Everything in the listing below should be repeated verbatim, apart from the pictures.

##########

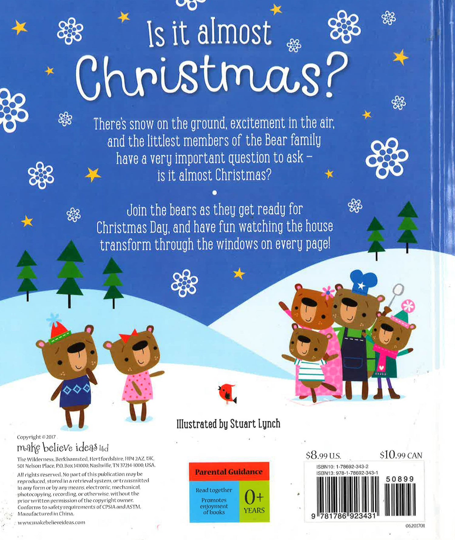 A magical Christmas book sure to delight children and adults alike! Introducing Is It Almost Christmas?, which is a delightful new board book following the Bear family as they prepare their house for Christmas. Charming illustrations reveal each room of the bears' house, and as children turn each page, cut-through windows see each room transformed for Christmas Day! (Age Range: 5-9)
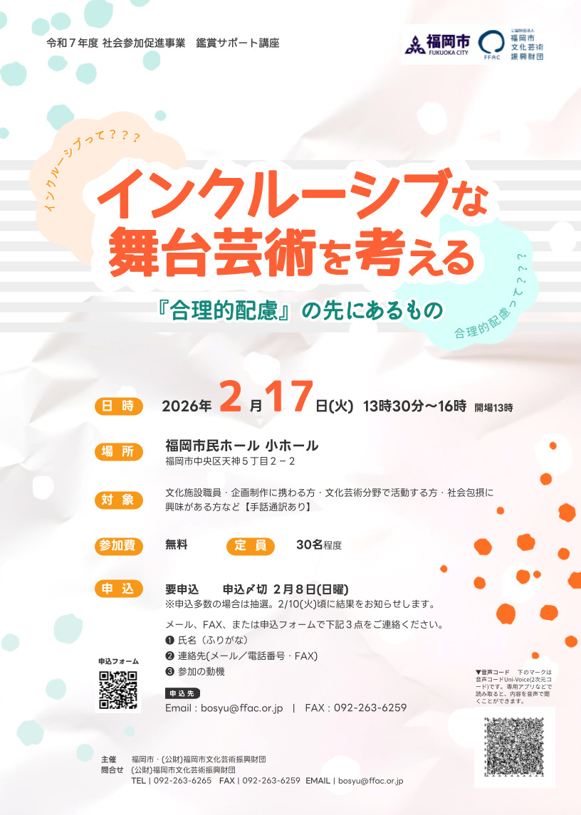 令和8年度第63回福岡市民芸術祭参加行事募集!
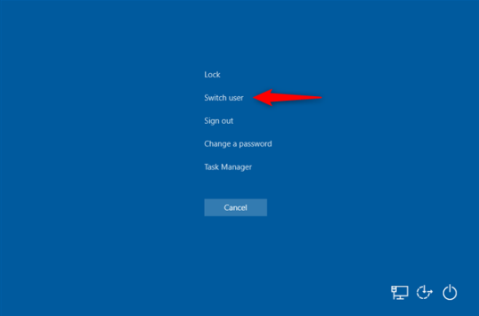 Этот метод работает только тогда, когда вы уже вошли в систему с учетной записью пользователя. Сначала одновременно нажмите клавиши CTRL + ALT + Delete на клавиатуре. Появится новый экран с несколькими опциями прямо в центре. Нажмите или коснитесь «Переключить пользователя», и вы попадете на экран входа в систему.
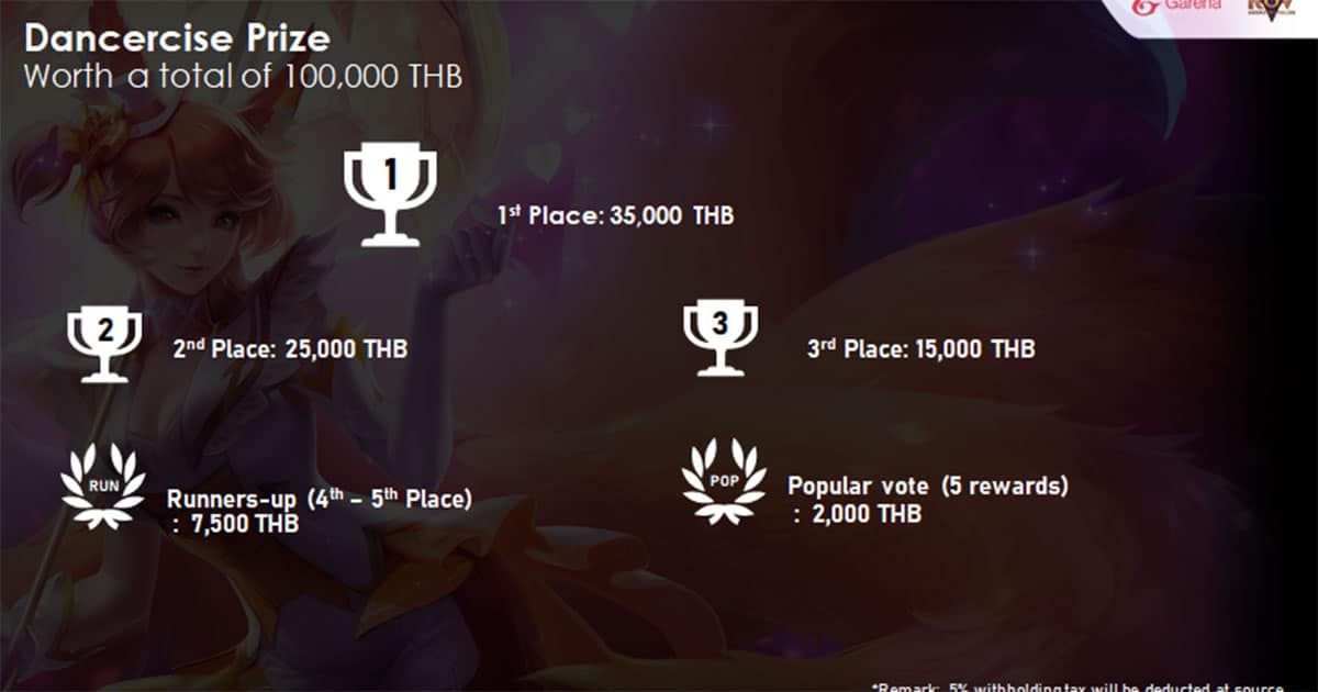 ผู้สนใจสามารถเข้าร่วมกิจกรรมได้ผ่านช่องทางสื่อสังคมออนไลน์ ได้แก่ เฟซบุ๊ก อินสตาแกรม และ tiktok ของ Garena RoV Thailand สำหรับรางวัลในการประกวด RoV Dance Challenge รางวัลชนะเลิศจะได้รับเงินรางวัล 35,000 บาท รางวัลที่ 2 เงินรางวัล 25,000 บาท รางวัลที่ 3 เงินรางวัล 15,000 บาท รางวัลที่ 4 และ 5 รางวัลละ 7,500 บาท และรางวัลขวัญใจประชาชน (Popular vote) จำนวน 5 รางวัล รางวัลละ 2,000 บาท ติดตามรายละเอียดและกติกาการแข่งขันได้ทาง https://www.facebook.com/ROVTH/
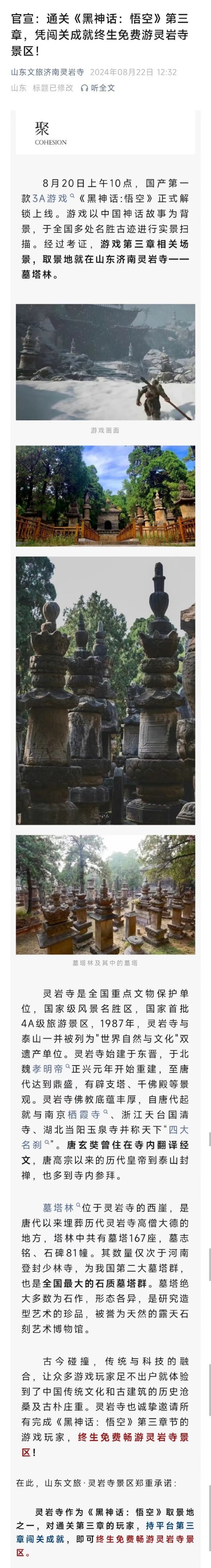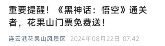 文章来源于互联网:凤凰网-花果山景区官方:通关《黑神话:悟空》者,门票免费送
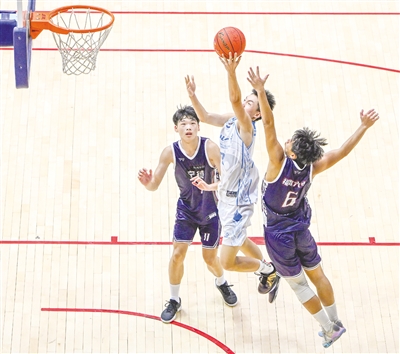 12日,2025年福建省青少年篮球冠军赛暨中学生篮球联赛(甲组)在南平市体育中心拉开帷幕,来自福州、厦门、泉州、漳州等地的20支男子组队伍、11支女子组队伍,近500名运动员参加比赛。比赛由福建省体育局、福建省教育厅主办。图为13日比赛现场。 (张行健 摄)
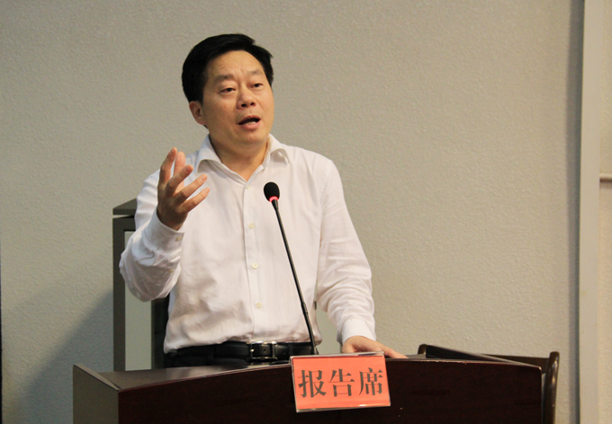 长沙市委组织部副部长、市人力资源和社会保障局党委书记、局长文丽霞作《积极作为 推动大学生尽快实现高素质就业》的报告

##########

▶ [Written reply]
 A magical Christmas book sure to delight children and adults alike! Introducing Is It Almost Christmas?, which is a delightful new board book following the Bear family as they prepare their house for Christmas. Charming illustrations reveal each room of the bears' house, and as children turn each page, cut-through windows see each room transformed for Christmas Day! (Age Range: 5-9)
 令和8年度第63回福岡市民芸術祭参加行事募集!
 Этот метод работает только тогда, когда вы уже вошли в систему с учетной записью пользователя. Сначала одновременно нажмите клавиши CTRL + ALT + Delete на клавиатуре. Появится новый экран с несколькими опциями прямо в центре. Нажмите или коснитесь «Переключить пользователя», и вы попадете на экран входа в систему.
 ผู้สนใจสามารถเข้าร่วมกิจกรรมได้ผ่านช่องทางสื่อสังคมออนไลน์ ได้แก่ เฟซบุ๊ก อินสตาแกรม และ tiktok ของ Garena RoV Thailand สำหรับรางวัลในการประกวด RoV Dance Challenge รางวัลชนะเลิศจะได้รับเงินรางวัล 35,000 บาท รางวัลที่ 2 เงินรางวัล 25,000 บาท รางวัลที่ 3 เงินรางวัล 15,000 บาท รางวัลที่ 4 และ 5 รางวัลละ 7,500 บาท และรางวัลขวัญใจประชาชน (Popular vote) จำนวน 5 รางวัล รางวัลละ 2,000 บาท ติดตามรายละเอียดและกติกาการแข่งขันได้ทาง https://www.facebook.com/ROVTH/
 文章来源于互联网:凤凰网-花果山景区官方:通关《黑神话:悟空》者,门票免费送
 12日,2025年福建省青少年篮球冠军赛暨中学生篮球联赛(甲组)在南平市体育中心拉开帷幕,来自福州、厦门、泉州、漳州等地的20支男子组队伍、11支女子组队伍,近500名运动员参加比赛。比赛由福建省体育局、福建省教育厅主办。图为13日比赛现场。 (张行健 摄)
 长沙市委组织部副部长、市人力资源和社会保障局党委书记、局长文丽霞作《积极作为 推动大学生尽快实现高素质就业》的报告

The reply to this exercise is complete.